_Problem description_.
Look through the data below for the line with "Los huevos los" and the line with "國慶中秋假期將至,外交部鄭重", then transcribe exactly from the first through the second, leaving out all pictures.

_Supplied material_.
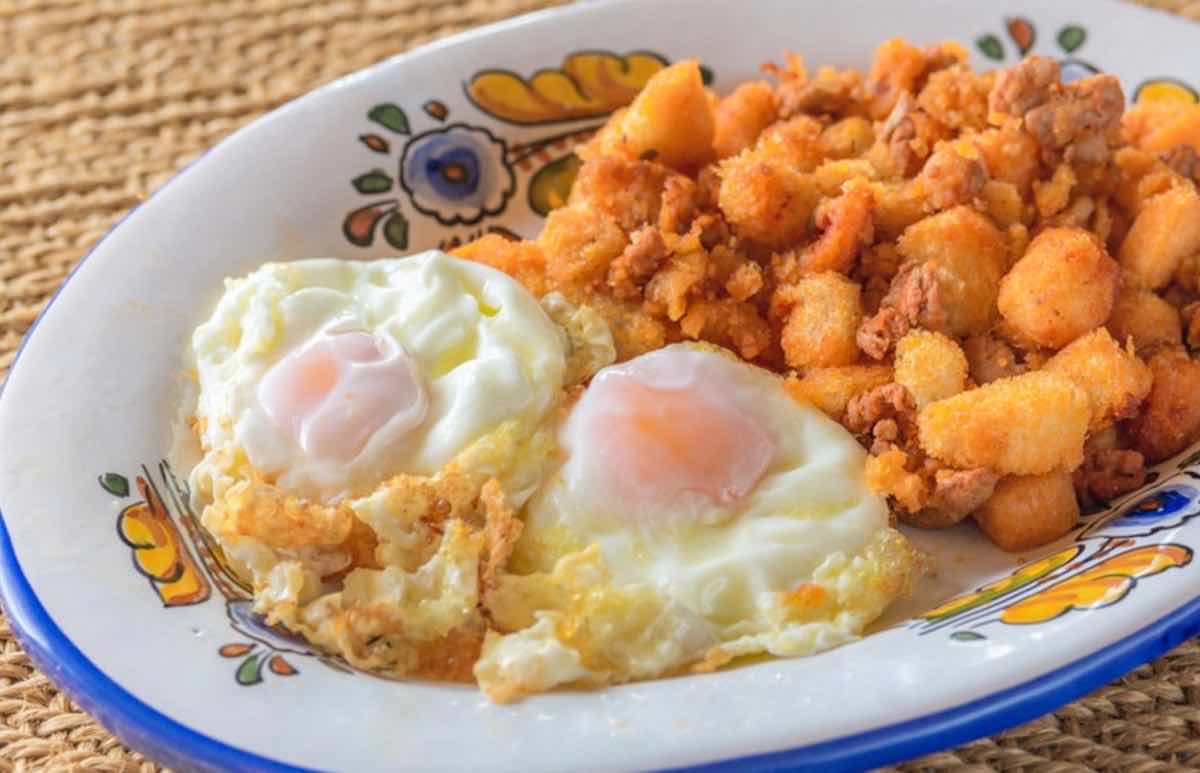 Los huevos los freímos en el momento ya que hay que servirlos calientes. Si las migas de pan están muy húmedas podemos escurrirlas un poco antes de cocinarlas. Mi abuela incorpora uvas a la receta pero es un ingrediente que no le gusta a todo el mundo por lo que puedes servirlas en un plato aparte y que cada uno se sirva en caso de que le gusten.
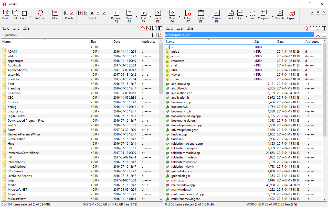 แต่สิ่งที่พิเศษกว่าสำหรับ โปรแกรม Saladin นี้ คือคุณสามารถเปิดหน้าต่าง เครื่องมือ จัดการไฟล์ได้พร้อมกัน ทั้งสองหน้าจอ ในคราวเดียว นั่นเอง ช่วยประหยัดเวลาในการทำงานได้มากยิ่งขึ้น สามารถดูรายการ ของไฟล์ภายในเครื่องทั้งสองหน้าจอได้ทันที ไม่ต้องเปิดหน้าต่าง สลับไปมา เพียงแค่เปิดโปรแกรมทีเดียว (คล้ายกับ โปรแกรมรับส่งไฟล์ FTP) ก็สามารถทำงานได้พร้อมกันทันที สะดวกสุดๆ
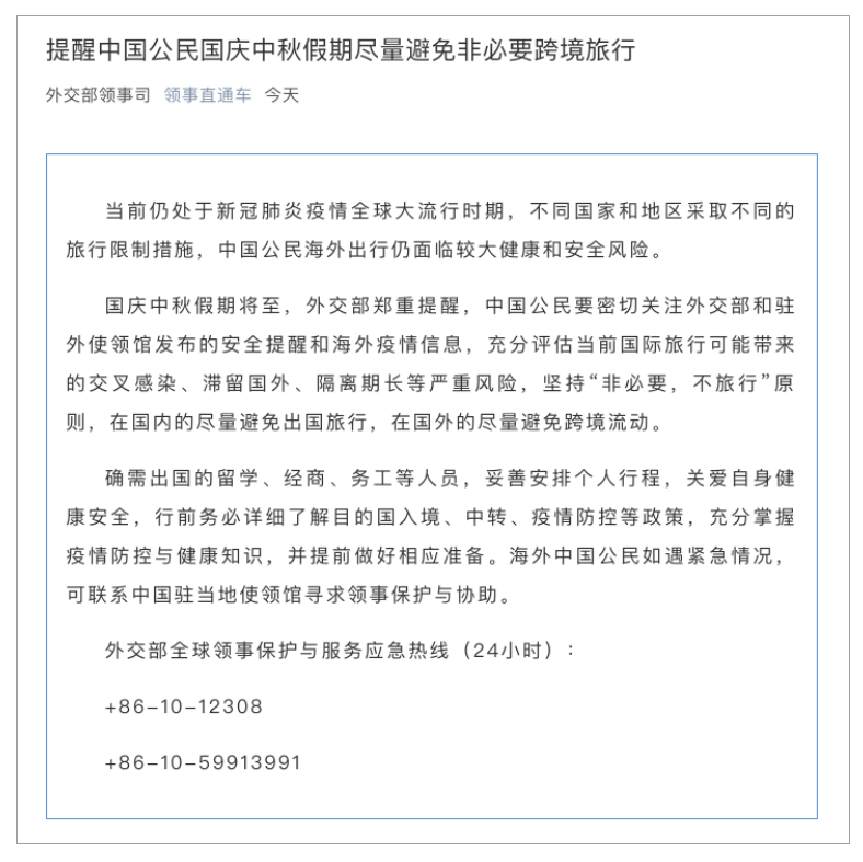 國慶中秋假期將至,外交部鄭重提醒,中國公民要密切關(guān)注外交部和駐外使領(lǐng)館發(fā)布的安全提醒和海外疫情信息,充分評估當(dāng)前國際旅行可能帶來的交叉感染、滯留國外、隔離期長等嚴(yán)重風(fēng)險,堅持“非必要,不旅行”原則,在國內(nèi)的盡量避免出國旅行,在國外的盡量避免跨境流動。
...
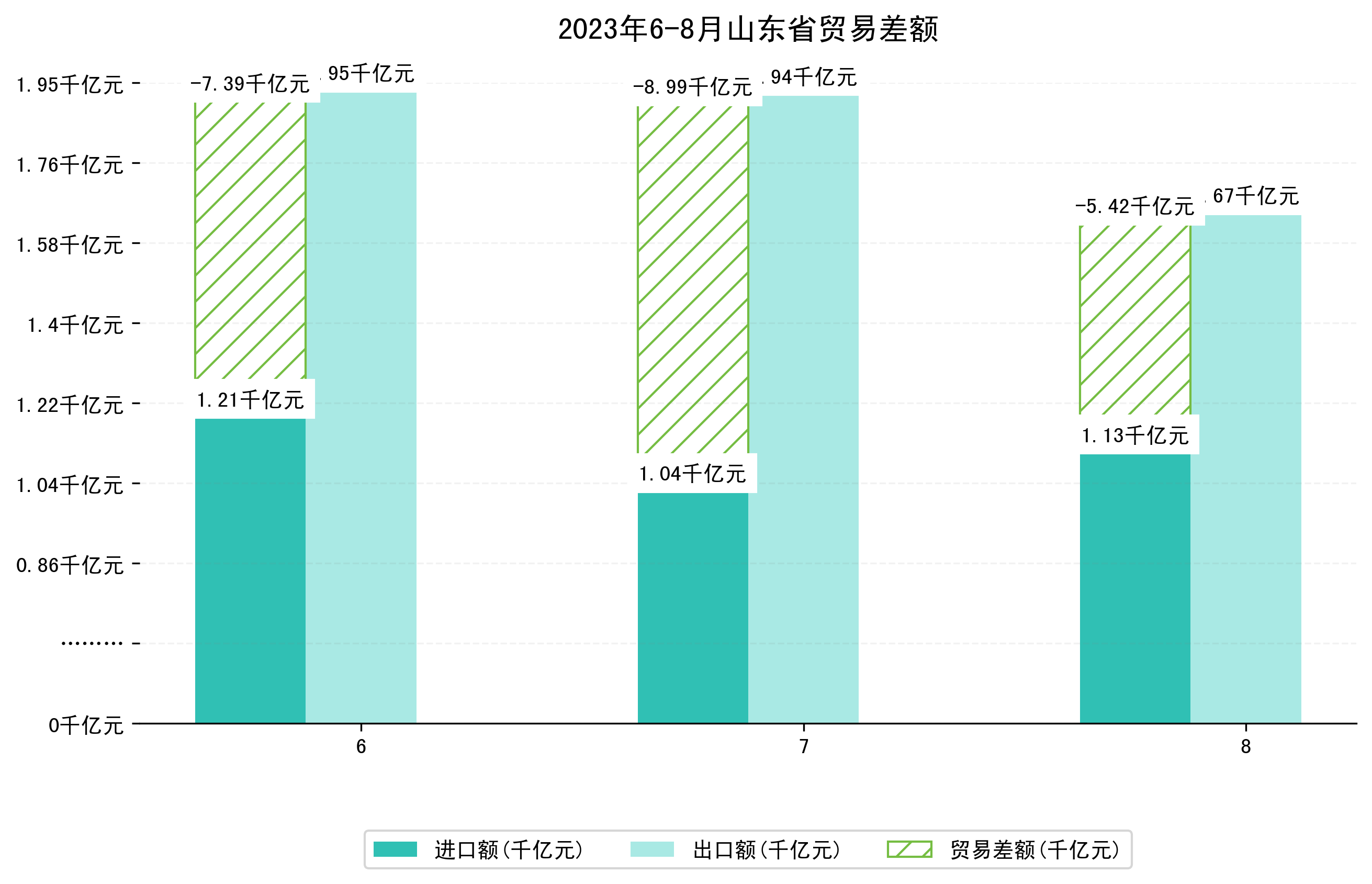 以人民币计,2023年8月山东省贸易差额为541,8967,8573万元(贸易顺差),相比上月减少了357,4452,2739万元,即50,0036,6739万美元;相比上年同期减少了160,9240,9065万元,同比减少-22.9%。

_Final answer_.
 Los huevos los freímos en el momento ya que hay que servirlos calientes. Si las migas de pan están muy húmedas podemos escurrirlas un poco antes de cocinarlas. Mi abuela incorpora uvas a la receta pero es un ingrediente que no le gusta a todo el mundo por lo que puedes servirlas en un plato aparte y que cada uno se sirva en caso de que le gusten.
 แต่สิ่งที่พิเศษกว่าสำหรับ โปรแกรม Saladin นี้ คือคุณสามารถเปิดหน้าต่าง เครื่องมือ จัดการไฟล์ได้พร้อมกัน ทั้งสองหน้าจอ ในคราวเดียว นั่นเอง ช่วยประหยัดเวลาในการทำงานได้มากยิ่งขึ้น สามารถดูรายการ ของไฟล์ภายในเครื่องทั้งสองหน้าจอได้ทันที ไม่ต้องเปิดหน้าต่าง สลับไปมา เพียงแค่เปิดโปรแกรมทีเดียว (คล้ายกับ โปรแกรมรับส่งไฟล์ FTP) ก็สามารถทำงานได้พร้อมกันทันที สะดวกสุดๆ
 國慶中秋假期將至,外交部鄭重提醒,中國公民要密切關(guān)注外交部和駐外使領(lǐng)館發(fā)布的安全提醒和海外疫情信息,充分評估當(dāng)前國際旅行可能帶來的交叉感染、滯留國外、隔離期長等嚴(yán)重風(fēng)險,堅持“非必要,不旅行”原則,在國內(nèi)的盡量避免出國旅行,在國外的盡量避免跨境流動。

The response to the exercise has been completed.